[DATASET CONTENT — start]

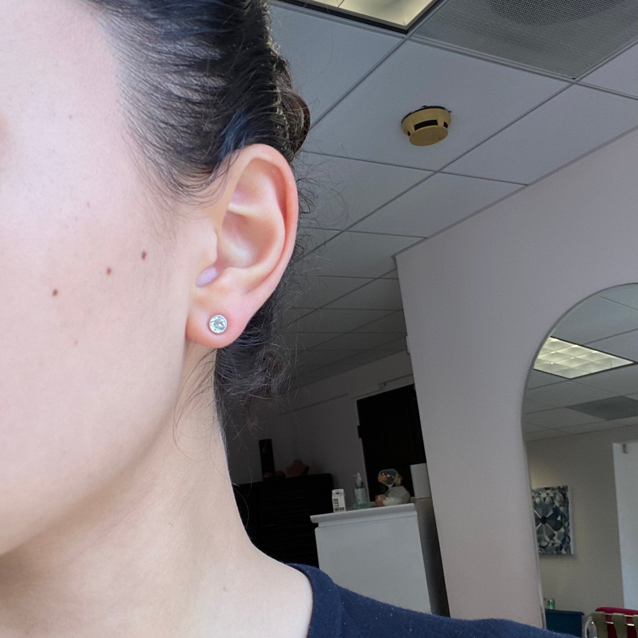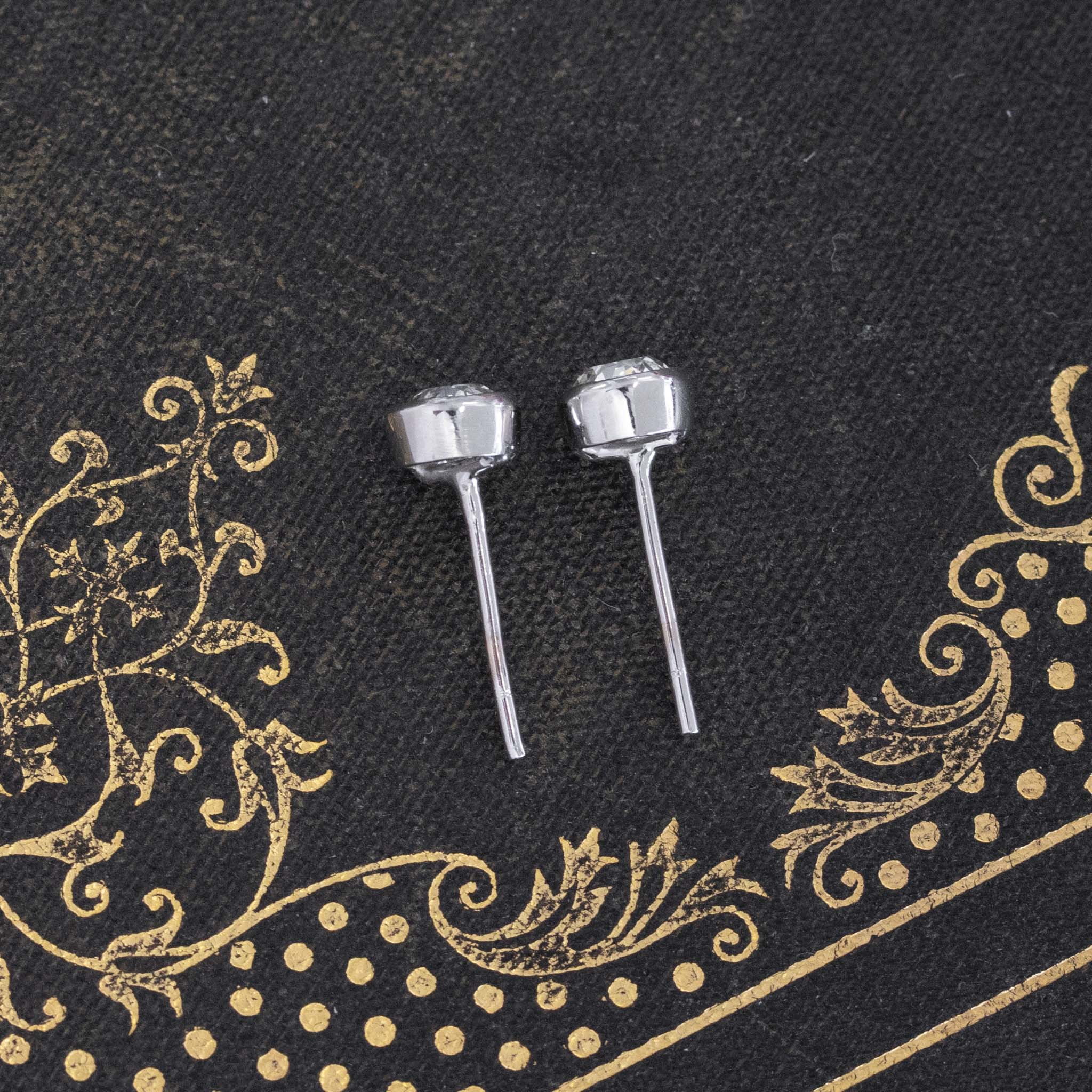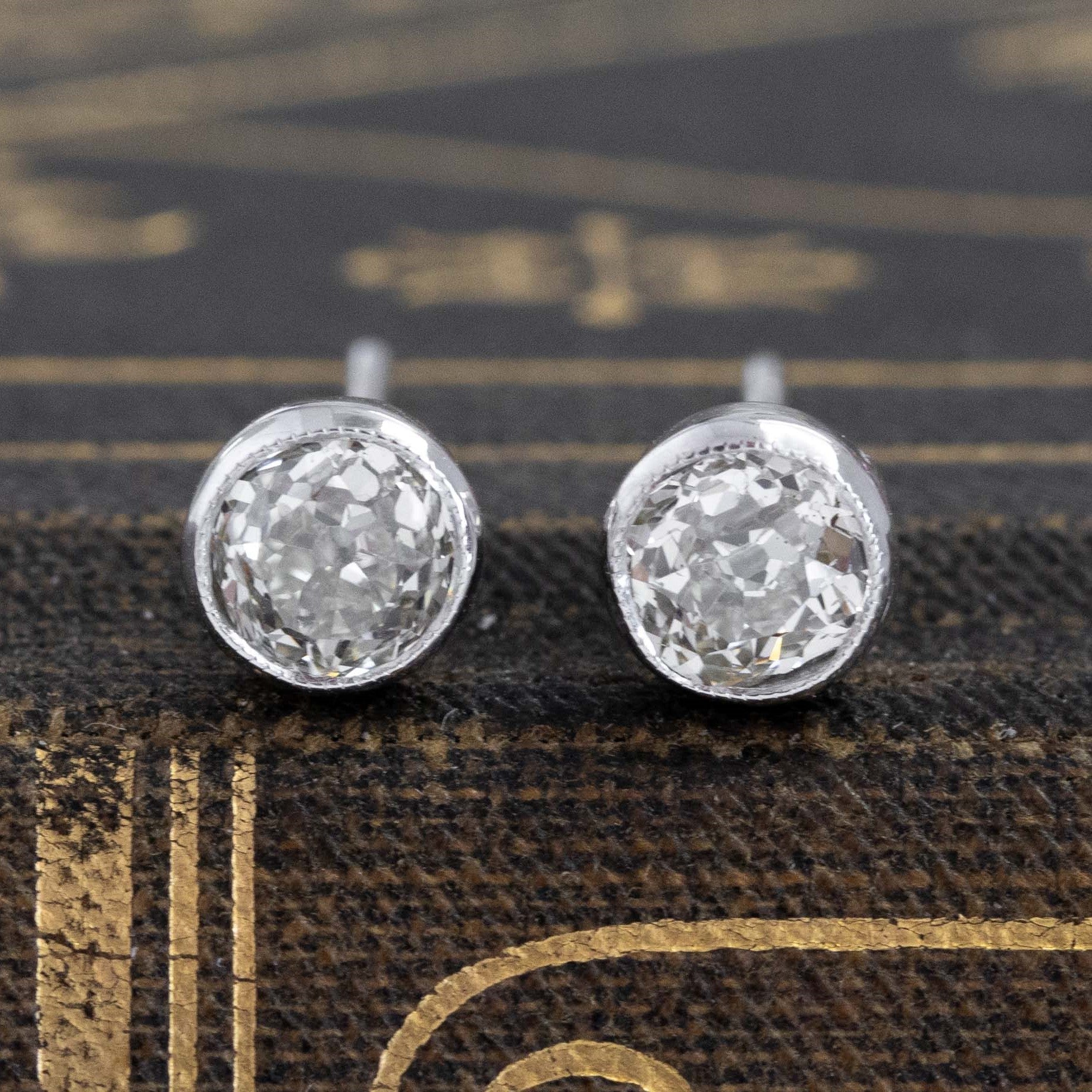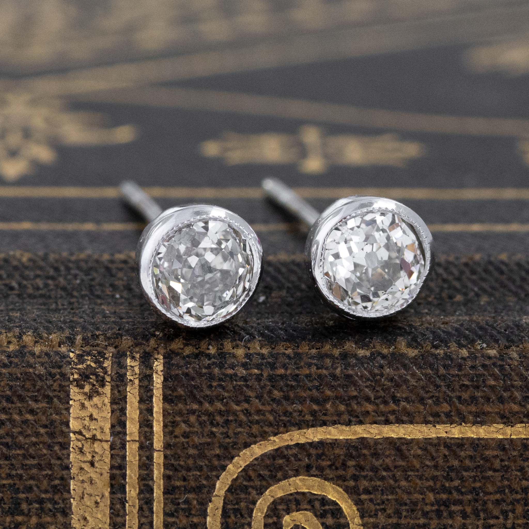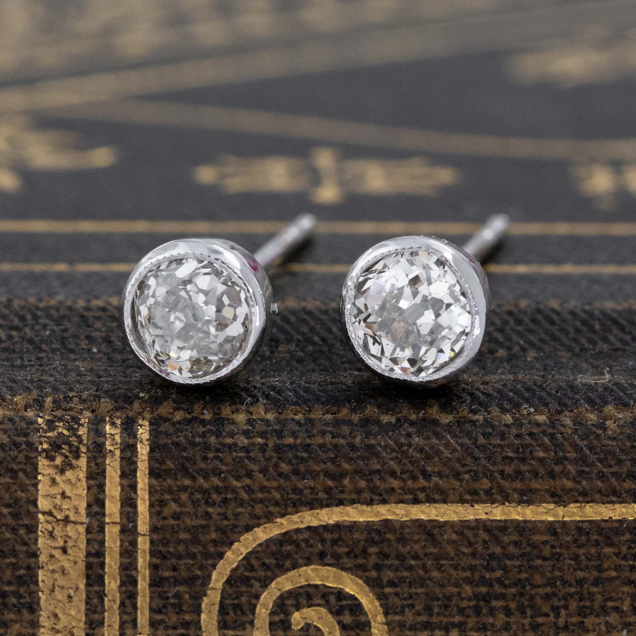 Bezel studs saved from an antique brooch! Kept in their original white gold bezels with milgrain detail lining the inner walls of the bezel. Round diamond studs are an absolute classic piece of jewelry to have in one’s collection - these are perfect for daily wear, and have so much sparkle and fire to them!
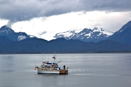 Scenic view of Homer spit and Alaska mountains and glaciers
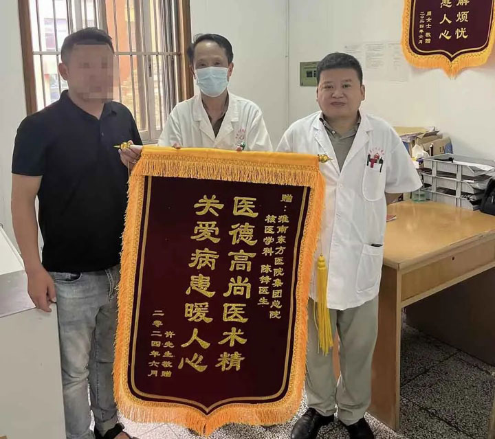 一面锦旗,承载着深深的温暖、诚挚的认可与坚定的信赖。近日,刘先生手捧精心制作的锦旗,踏入东方总院核医学科,将其郑重地赠予陈锋医生。锦旗上镌刻着“医德高尚医术精,关爱病患暖人心”的赞誉,这不仅传达了刘先生的感激之情,更是对淮南东方医院集团卓越医术的崇高认可。
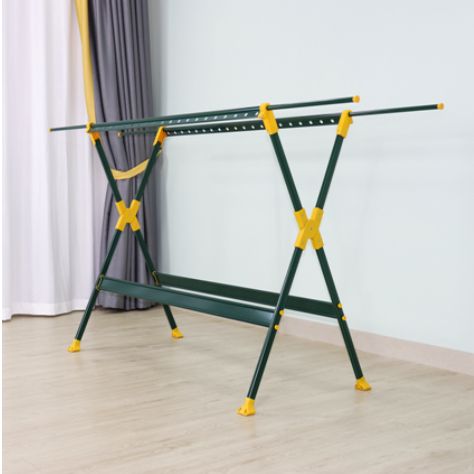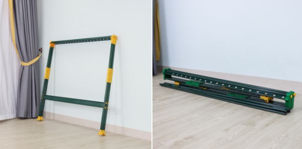 然后,我们考虑到收纳问题,伟经晒衣架整个骨架采用X式折叠,不用的时候可以随时收合,我们开发了两种收纳方式,一种是半收合式,可以立在墙边;另外一种是完全收合状态,收合之后体积152cm*13cm*19cm ,即使是家具缝隙也可以放入。

[DATASET CONTENT — finish]

• _WHAT TO DO_
Reproduce the entire listing exactly, but omit any pictures.

• _SOLUTION TO THIS EXERCISE_
 Bezel studs saved from an antique brooch! Kept in their original white gold bezels with milgrain detail lining the inner walls of the bezel. Round diamond studs are an absolute classic piece of jewelry to have in one’s collection - these are perfect for daily wear, and have so much sparkle and fire to them!
 Scenic view of Homer spit and Alaska mountains and glaciers
 一面锦旗,承载着深深的温暖、诚挚的认可与坚定的信赖。近日,刘先生手捧精心制作的锦旗,踏入东方总院核医学科,将其郑重地赠予陈锋医生。锦旗上镌刻着“医德高尚医术精,关爱病患暖人心”的赞誉,这不仅传达了刘先生的感激之情,更是对淮南东方医院集团卓越医术的崇高认可。
 然后,我们考虑到收纳问题,伟经晒衣架整个骨架采用X式折叠,不用的时候可以随时收合,我们开发了两种收纳方式,一种是半收合式,可以立在墙边;另外一种是完全收合状态,收合之后体积152cm*13cm*19cm ,即使是家具缝隙也可以放入。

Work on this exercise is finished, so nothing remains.